PETANI TERANCAM KEHILANGAN SUMBER PENGHIDUPAN
Kekhawatiran petani semakin besar karena endapan lumpur yang terbawa aliran sungai berpotensi menumpuk di saluran irigasi.
Jika kondisi tersebut berlangsung terus-menerus, bukan hanya kualitas air yang menjadi persoalan. Sistem pengairan sawah juga berpotensi terganggu, sementara petani membutuhkan kepastian pasokan air untuk mempertahankan produksi pertanian.
Warga juga khawatir penggunaan air yang keruh dan membawa material sedimen secara terus-menerus dapat memengaruhi kondisi lahan serta pertumbuhan tanaman.
Karena itu, masyarakat meminta persoalan tersebut tidak dipandang sebagai konflik antara penambang dan pemerintah desa semata, melainkan sebagai persoalan kepentingan publik dan keberlangsungan sumber kehidupan masyarakat.
KADES: JANGAN TUNGGU SAWAH RUSAK TOTAL
Hasna Tooli menilai pemerintah dan aparat tidak boleh menunggu sampai kerusakan menjadi semakin parah baru mengambil tindakan.

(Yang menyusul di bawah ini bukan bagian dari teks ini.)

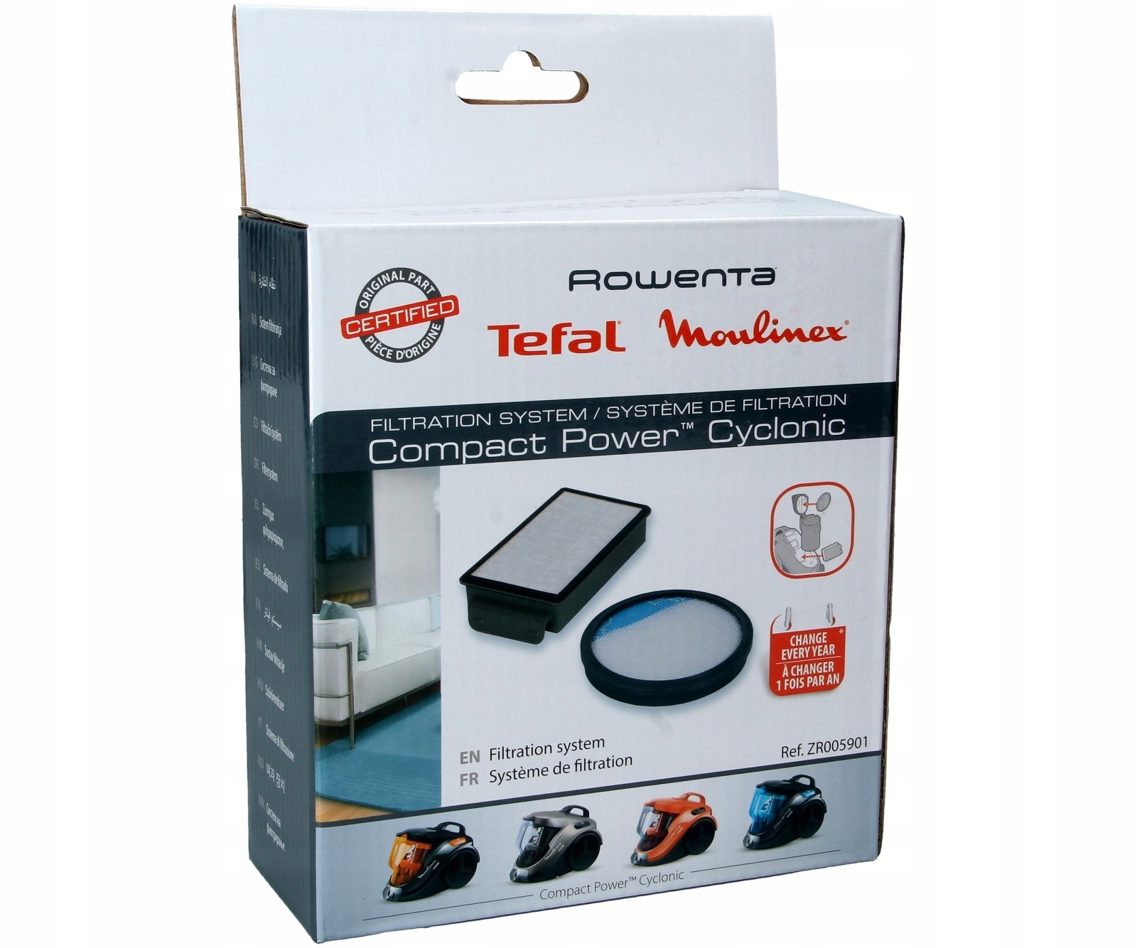 ZR005901 Компактные мощные циклонные фильтры очищают воздух, задерживая большинство загрязняющих веществ. Они поглощают мельчайшие частицы пыли и исключают появление аллергенов и микрозагрязнителей. Использование фильтров пылесоса гарантирует поддержание соответствующих параметров фильтрации и потока отработанного воздуха. Фильтры обеспечивают длительную и безотказную работу пылесоса.

Ia meminta pemerintah kecamatan, Pemerintah Kabupaten Gorontalo, serta aparat penegak hukum melakukan verifikasi dan pemeriksaan langsung ke kawasan Pasir Putih, termasuk memeriksa legalitas aktivitas pertambangan dan dampaknya terhadap lingkungan serta sumber air masyarakat.
“Kami tidak menolak pembangunan, tetapi pembangunan tidak boleh merampas hak hidup orang banyak. Keuntungan sesaat tidak boleh dibayar dengan kerusakan sumber kehidupan yang menjadi tumpuan ratusan keluarga,” ujarnya.
Menurutnya, apabila ditemukan aktivitas pertambangan yang tidak memiliki perizinan atau terbukti menimbulkan kerusakan lingkungan, maka harus ada tindakan tegas sesuai ketentuan hukum.
LEGALITAS PETI HARUS DIBUKA KE PUBLIK
Persoalan yang kini muncul juga menimbulkan pertanyaan mendasar: apakah aktivitas pertambangan di kawasan Pasir Putih memiliki legalitas dan izin yang sesuai dengan ketentuan?
Pemerintah dan aparat penegak hukum diharapkan tidak hanya melakukan penertiban terhadap pekerja di lapangan, tetapi juga menelusuri pihak-pihak yang berada di balik aktivitas tersebut apabila memang ditemukan kegiatan pertambangan ilegal.
Sebab, persoalan PETI tidak berhenti pada aktivitas penggalian. Ada aspek perizinan, lingkungan, pengelolaan material tambang, penggunaan alat berat, hingga pihak yang membiayai dan menerima hasil pertambangan yang patut diperiksa apabila terdapat indikasi pelanggaran.
WARGA MINTA PEMERINTAH TURUN TANGAN
Kepala Desa Payu berharap laporan dan keluhan petani mendapat respons cepat dari pemerintah.
Ia meminta dilakukan pemeriksaan lapangan secara menyeluruh, termasuk kondisi air sungai, saluran irigasi dan lahan pertanian yang terdampak.
Jika diperlukan, pengujian kualitas air secara ilmiah juga dinilai penting agar kondisi sungai tidak hanya dinilai berdasarkan perubahan warna secara kasatmata, tetapi dapat diketahui parameter pencemar atau kandungan material yang terbawa aliran.
Bagi masyarakat Desa Payu, persoalannya sederhana: jangan sampai aktivitas pertambangan menghasilkan keuntungan bagi segelintir pihak, sementara petani harus menanggung kerugian akibat rusaknya sumber air dan lahan pertanian.
Desakan Kepala Desa Payu tersebut kini menjadi alarm bagi pemerintah dan aparat penegak hukum untuk segera memastikan apakah aktivitas PETI Pasir Putih telah memenuhi aspek legalitas dan lingkungan.
Jika benar aktivitas tersebut terbukti ilegal dan menyebabkan kerusakan terhadap sumber air serta lahan pertanian masyarakat, maka penghentian aktivitas dan pemulihan lingkungan harus menjadi prioritas.